Viswanathan Raghunathan (born 1954) is an academic, businessman, author, and columnist. He is currently director of the Schulich School of Business (York University, Toronto), India (Hyderabad Campus). Since 2013, for three consecutive years, Raghunathan has been featured in the list of top 50 thinkers in management across India and the Indian diaspora. Since 2005, he is also the CEO of GMR Varalakshmi Foundation. Earlier he was president, ING Vysya Bank (2001–2004) and managing director, GMR Industries Ltd (2007–2008), GMR Group. He has been an adjunct professor at the Bocconi University, Milan, Italy, since 1990, and Schulich School of Business, York University, Toronto, Canada. He taught finance and accounting at IIM, Ahmedabad from 1982 to 2001, where he held various positions, including chair, of the postgraduate program.

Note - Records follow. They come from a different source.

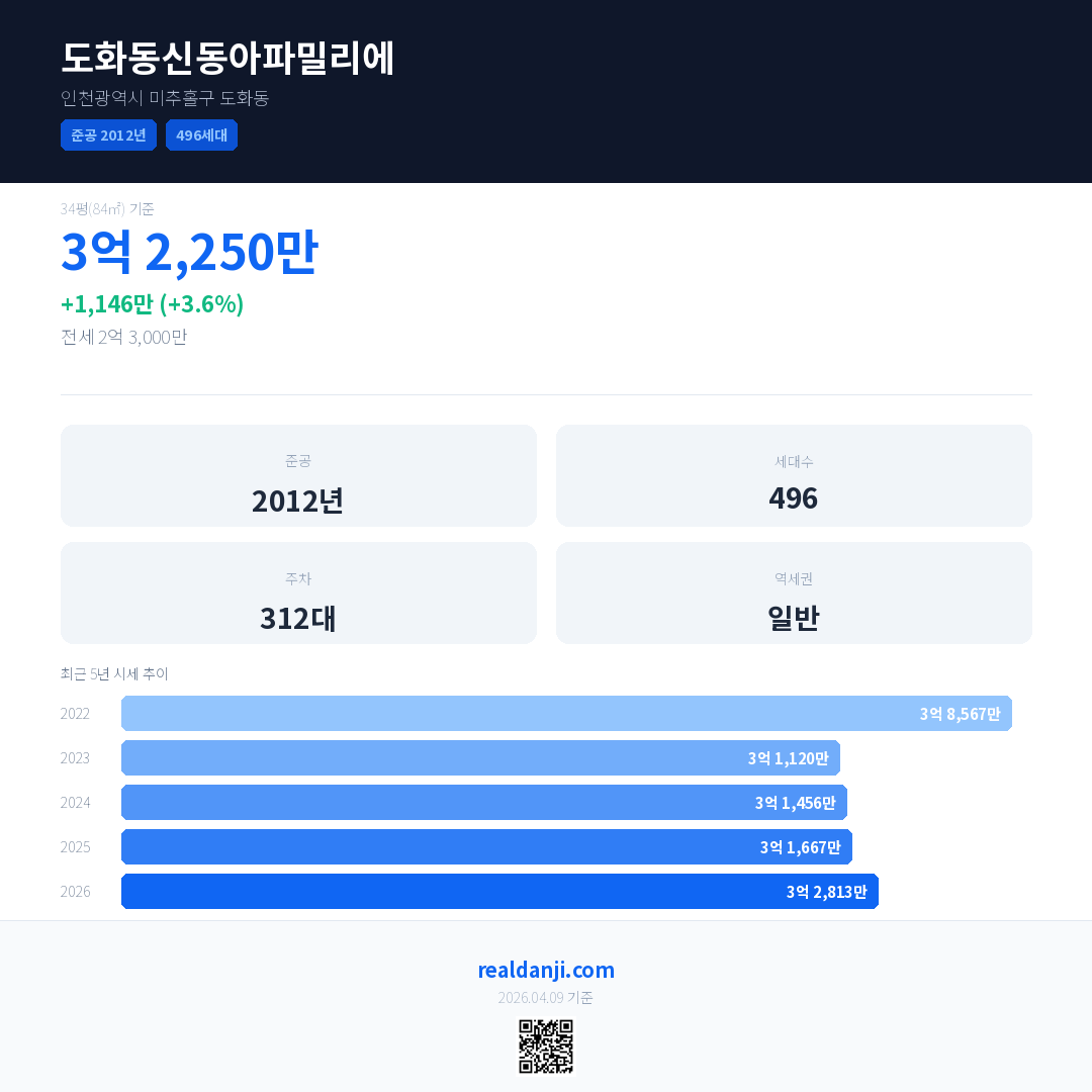 도화동신동아파밀리에 국민평형 기준 2026년 평균 거래가는 3억 2,813만으로, 전년 대비 3.6% 상승 했습니다.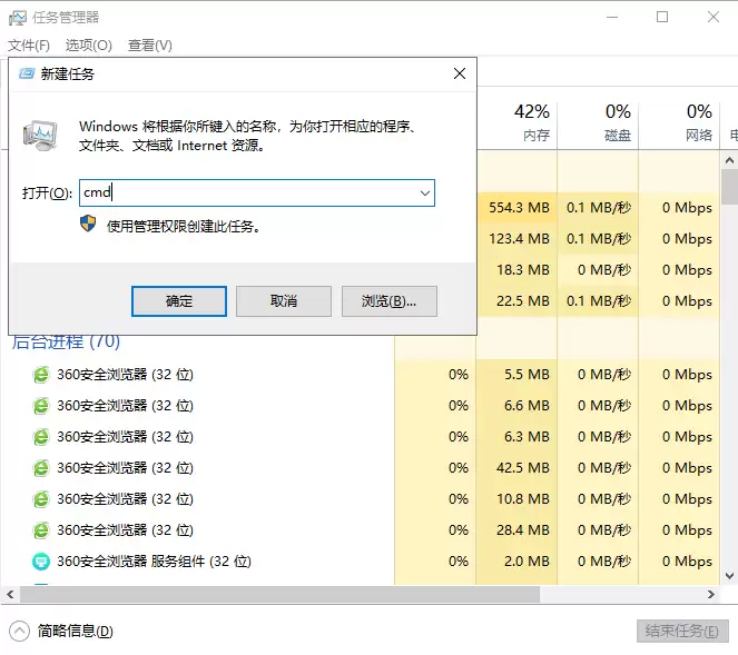 第二步:创建新任务,打开命令提示符。在任务管理器窗口的左上角,点击“文件”菜单,然后选择“运行新任务”。在弹出的对话框里,直接输入“cmd”,然后敲回车键。这个过程可以参考下面的图示: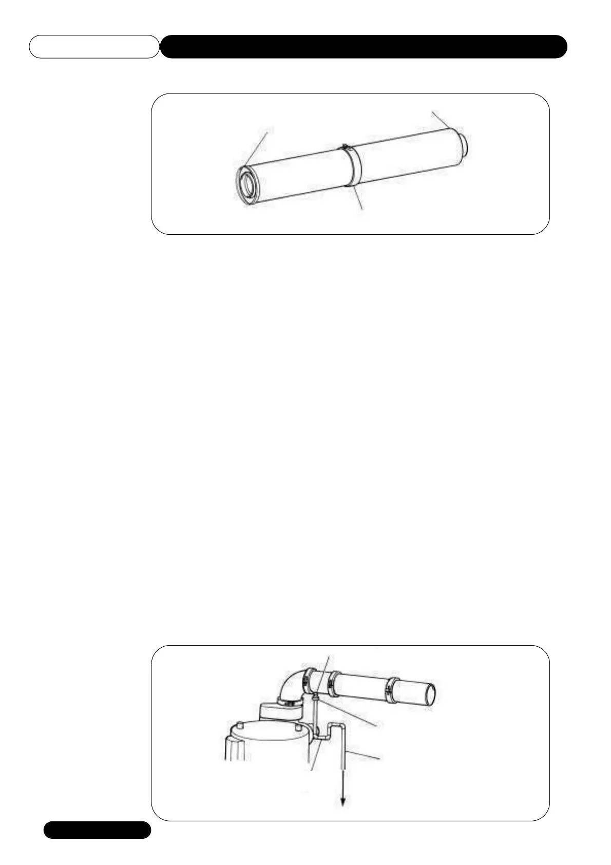 i) Use the large clamp supplied in the flue kit with the stepped gasket to seal the elbow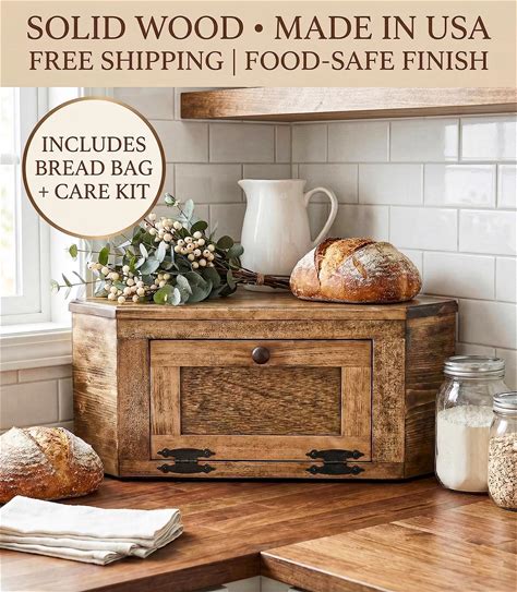 Corner Bread Box Wood Breadbox Kitchen Countertop Bread Box Far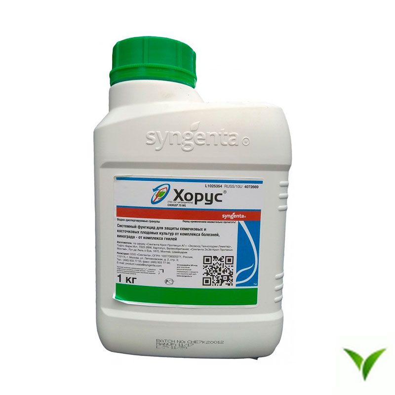 Применять Хорус необходимо профилактически или при первых проявлениях болезни. Первая обработка — в начале распускания листьев, последующие — через 10–14 дней. За сезон можно провести четыре обработки. Необходимо помнить, что период ожидания составляет 14 дней, то есть за две недели до сбора урожая нужно прекращать обработки.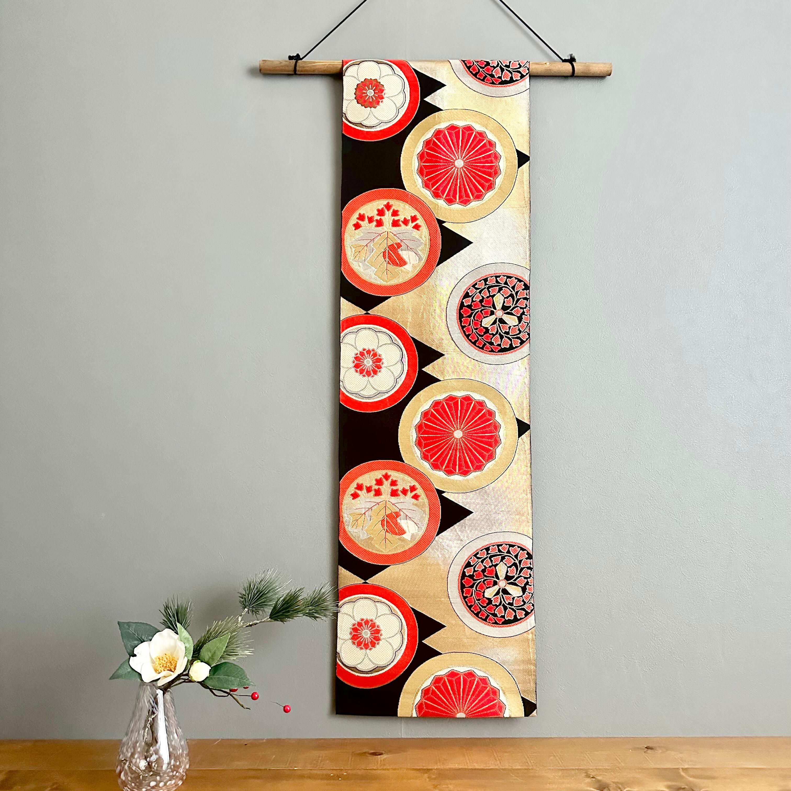 Kimono tapestry 帯のタペストリー ヴィンテージ 漆黒に家紋柄 Japanese Kimono Interior Art Panel Kakejiku Art Wall Art Kimono Panel | koto1946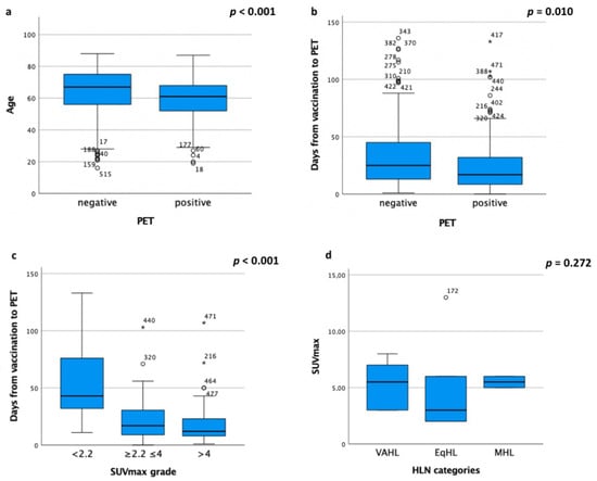 Furthermore, SUVmax significantly changed during different time intervals, with the lowest values beyond the 20-day interval from vaccine-to-PET (p < 0.001) (Figure 3c and Figure 4). Conversely, no statistical difference in SUVmax value was found in HLN risk class (p = 0.272) (Figure 3d).

He is the author of Irrationally Rational (Penguin Viking, 2022), Games Indians Play (Revised Edition, Penguin, 2019), Return to Jammu (HarperCollins, 2018), The Good Indian's Guide to Queue-jumping (HarperCollins 2016), Beyond the Call of Duty (co-authored) (HarperCollins, 2015), Duryodhana (HarperCollins, 2014), Locks, Mahabharata & Mathematics (HarperCollins, 2013), Ganesha on the Dashboard (co-authored) (Penguin, 2012), Don’t Sprint The Marathon (HarperCollins, 2010), Corruption Conundrum and Other Paradoxes and Dilemmas (Portfolio, 2010), Stock Exchanges, Investments and Derivatives (co-authored) (McGraw-Hill Education (India), 2008), Games Indians Play (Penguin, 2006), Strategic Corporate Finance (co-authored) (Vision Books, 2001), Portfolio Management (co-authored) (Tata McGraw Hill, 1993), Stock Exchanges, Investments and Derivatives (Tata McGraw Hill, 1991).

Raghunathan is also a columnist of long standing, especially with The Economic Times, and has authored over 500 papers and articles. He also blogs for The Times of India and has held a cartoon column briefly with The Financial Express in the past. A graduate of Panjab University, Chandigarh, Raghunathan obtained his doctorate in finance from Indian Institute of Management, Calcutta.

Raghunathan is a Tamilian, born and brought up in Punjab and Haryana, and spent much of his early schooling in Jammu and Kashmir.